No wonder, since its warm sound attracts the listeners and composers alike, adding crucial lining to many compositions or enchanting the ear with its solo abilities.
But Mood for Oud is much younger too, with bass guitar as one of its pillars. In fact, while probing the musical possibilities, Onsy often incorporates other instruments as well, making Mood for Oud a multi-dimensional experience.
“Our first concert, in 2019, was at the Room Arts Space and Café. We were a trio: oud, bass guitar and percussion. I later added keyboard, and other instruments depending on the concert,” Onsy clarifies.
In the over 15 concerts that Mood for Oud has given across Cairo and Alexandria in the last five years, the largest number of musicians on stage were nine.

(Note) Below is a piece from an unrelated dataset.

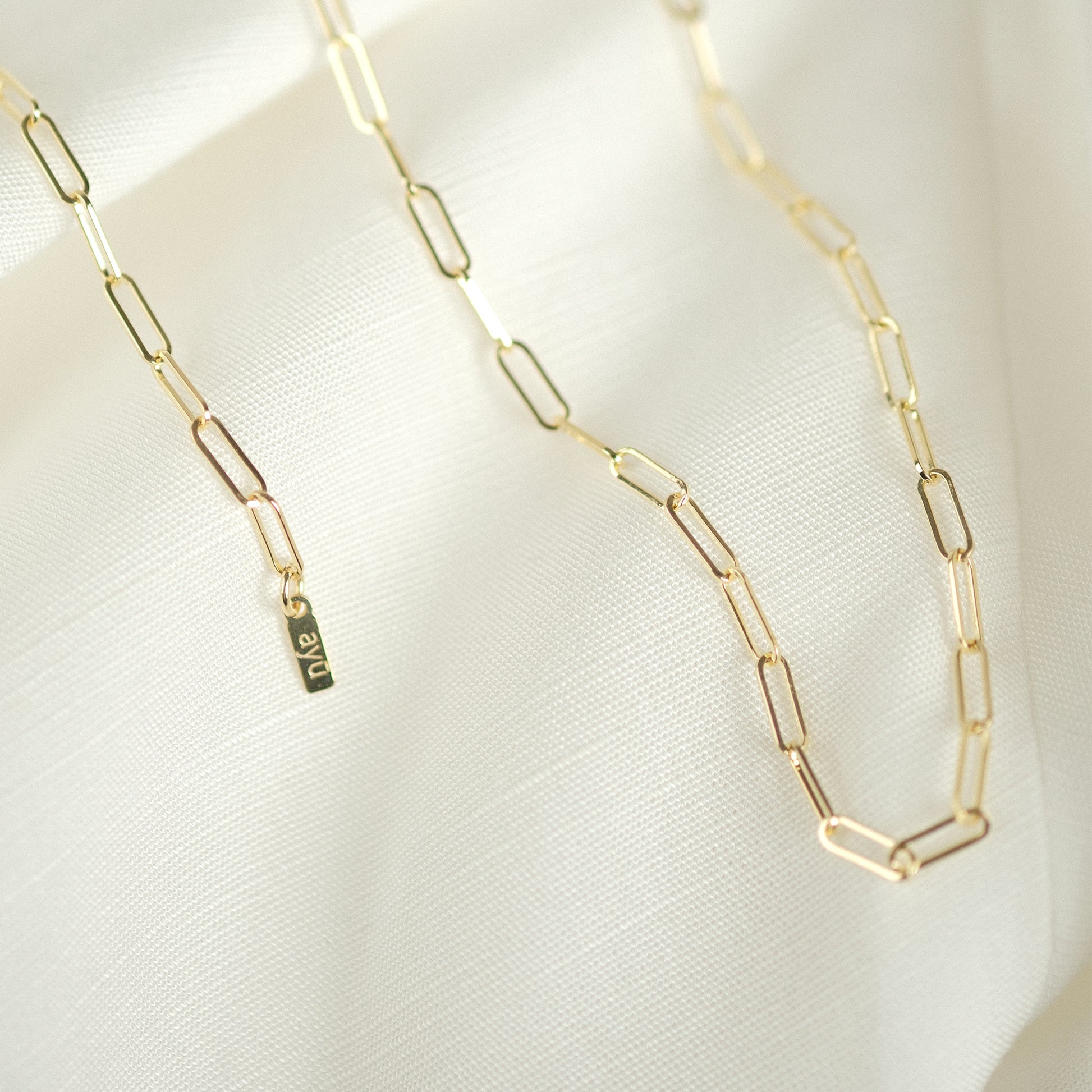 Das moderne Paperclip-Design wirkt klar und zeitlos zugleich: nicht zu filigran, nicht zu chunky. Solo getragen ein dezentes Statement; mit Anhänger oder im Layering vielseitig kombinierbar – von casual bis elegant.

Even if, on one occasion, the ensemble was joined by a vocalist performing two tracks, Mood for Oud relies mostly on Onsy’s instrumental compositions, sometimes supplemented with songs drawn from the classical repertoire – such as pieces sung by Umm Kalthoum – yet arranged to Onsy’s purposes.
In Egyptian music maintaining a purely instrumental project is far from easy, but Onsy has managed to keep the project going, attracting enough of an audience to consider releasing an album, “the first in a two-volume CD” he envisages. As Onsy clarifies, he is already thinking of taking this step, searching for opportunities and support. But until that happens, listeners can enjoy the music live. Mood for Oud’s next concert will take place at El Sawy Culturewheel, on Monday 8 August.
*A version of this article appears in print in the 4 August, 2022 edition of Al-Ahram Weekly.